Mirar la vida a través de una ventana infinita que nos
lleve más allá de lo que vemos, y observarla como si asistiéramos a un
prodigioso travelling que sólo nos proporciona esos destellos en verdad
importantes y necesarios para seguir viviendo —pues surgen en nuestra memoria
acotados por los reflejos de la realidad—, es quizá, una de las mejores herramientas
con las que cuenta la ficción para atraparnos en los entresijos de la otra vida,
y eso es lo que hace James Salter en su última y
magnífica novela, Todo lo que hay. Un rasgo que comparte con otra obra maestra de
ese género que es narrar toda una existencia basándose sólo en lo esencial: la
novela Stoner de John Williams, con la que
además comparte que también está escrita poco antes de morir su autor. Además, Todo lo que hay, tiene la singularidad
de combinar flashes y fotografías que, en no pocas ocasiones, se confunden con
la ficción que nos proporcionan la imaginación y los sueños, para de ese modo,
asistir a una suerte de partitura de las emociones por la que deambulamos a
través de unos fuertes impulsos que nos transportan mucho más allá de lo que
vemos..., porque tenemos que admitir, que existe un territorio propio más allá
del que observamos a través de la ventana; un espacio gobernado por el
desasosiego que, como un calendario alternativo a la realidad, juega con
nuestros sentimientos igual que el aire lo hace con una cometa en lo más alto
de la colina. En este sentido, hay una última y esencial necesidad de dibujar
ese mapa íntimo de nuestras vidas cuando estamos llegando a su final, y como
las mariposas se van posando en cada flor antes de morir, los seres humanos
necesitamos extraer ese último néctar de nuestra existencia a través de los
recuerdos. Así, el sexo, el amor, las mujeres, el hogar…, y el paso del tiempo
son los verdaderos protagonistas de James Salter en su última novela, Todo
lo que hay, y nos los muestra con esa precisión de quien sabe lo que
cuenta, y lo que quizá sea más importante, de lo que quiere contar.

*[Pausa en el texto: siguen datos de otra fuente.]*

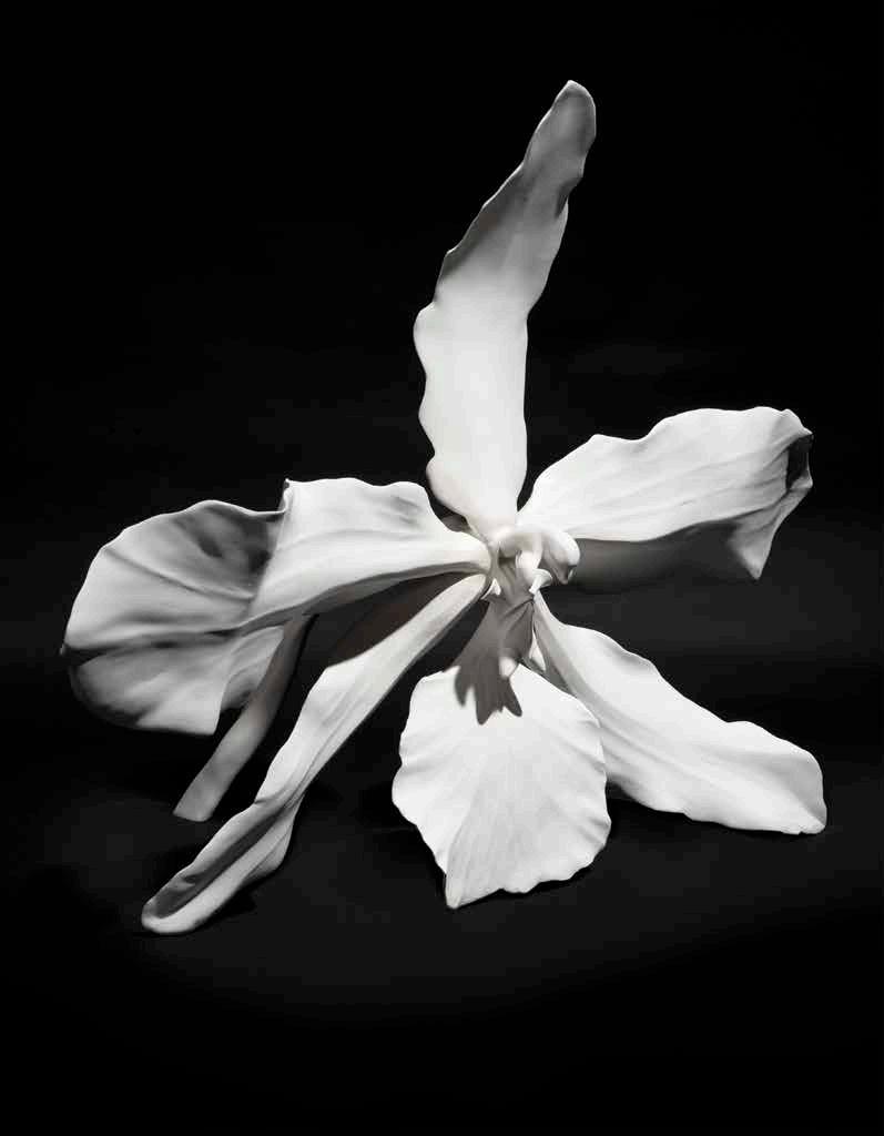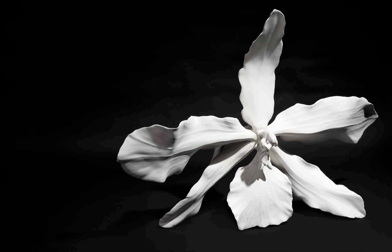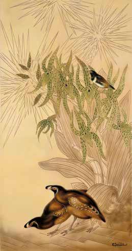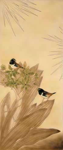 Laque gravée, fond en laque ivoire, ophrys en fleurs à la feuille d’or

En una novela no demasiado extensa, el escritor
norteamericano, sin embargo, es capaz de sintetizar tres décadas de la vida de
su protagonista, el editor Philip Bowman, y de la historia de los EE.UU.,
en un ejercicio literario y metaliterario magistral, por lo que tiene de
esencial su manejo de la elipsis, pues a través de ella, proporciona a esta
historia la plenitud de las grandes gestas, ésas que perdurarán a lo largo del
tiempo, porque por sí solas, son capaces de abarcar en negro sobre blanco la esencia
de las vidas de aquellos que salen retratados en la misma. Lejos, muy lejos, de
rebuscados misterios y tramas plagadas de trampas de cara a hacer más atractivas
las historias al lector, Salter se centra en lo que en verdad
importa: características inherentes a la novela del siglo XIX y que la
convirtieron en esencial en el siglo XX. La vida aparece aquí como la verdadera
protagonista, sin otra necesidad de artilugio pseudo literario, porque quizá,
no exista un mayor misterio que aquel que abarca la vida en sí misma.
Todo
lo que hay es la metamorfosis de las
pulsiones vitales de su protagonista, Bowman,
a través de un completo calendario de las emociones que se refleja en su innata
necesidad de encontrar un hogar y una estabilidad a través del amor. Un amor
que deviene en otra fuerte pulsión en la que, se combinan y fusionan a la
perfección, las mujeres y el sexo, porque otro de los grandes aciertos de esta
novela y del estilo narrativo de Salter no es únicamente su perfecto
manejo de la elipsis, sino esa portentosa capacidad a la hora de desnudar en
palabras y reproducir en imágenes todo aquello que sólo se siente, y de esa
forma, dejarnos sin margen de maniobra. Esa capacidad de mostrarnos la vida tal
y como es, y tal y como la imaginamos, se reproduce de una forma nítida en las
escenas de sexo, pues el narrador parece dejarnos claro que esa es una de las
maneras de atrapar el alma de la otra persona. Esa búsqueda de las entrañas a
través del sexo es, sin embargo, la herramienta de la que se sirve Salter
para exponer toda una teoría de la existencia que, no se nos debería
pasar por alto, tiene un último objetivo: la persecución de la estabilidad personal
a través de un hogar físico y sentimental donde poder dar rienda suelta a la
otra vida a través del sexo, el amor, las mujeres, el hogar…, y el paso del
tiempo, en un infinito travelling, ficticio y real, que vemos a través de la
ventana por la que cada día contemplamos el mundo.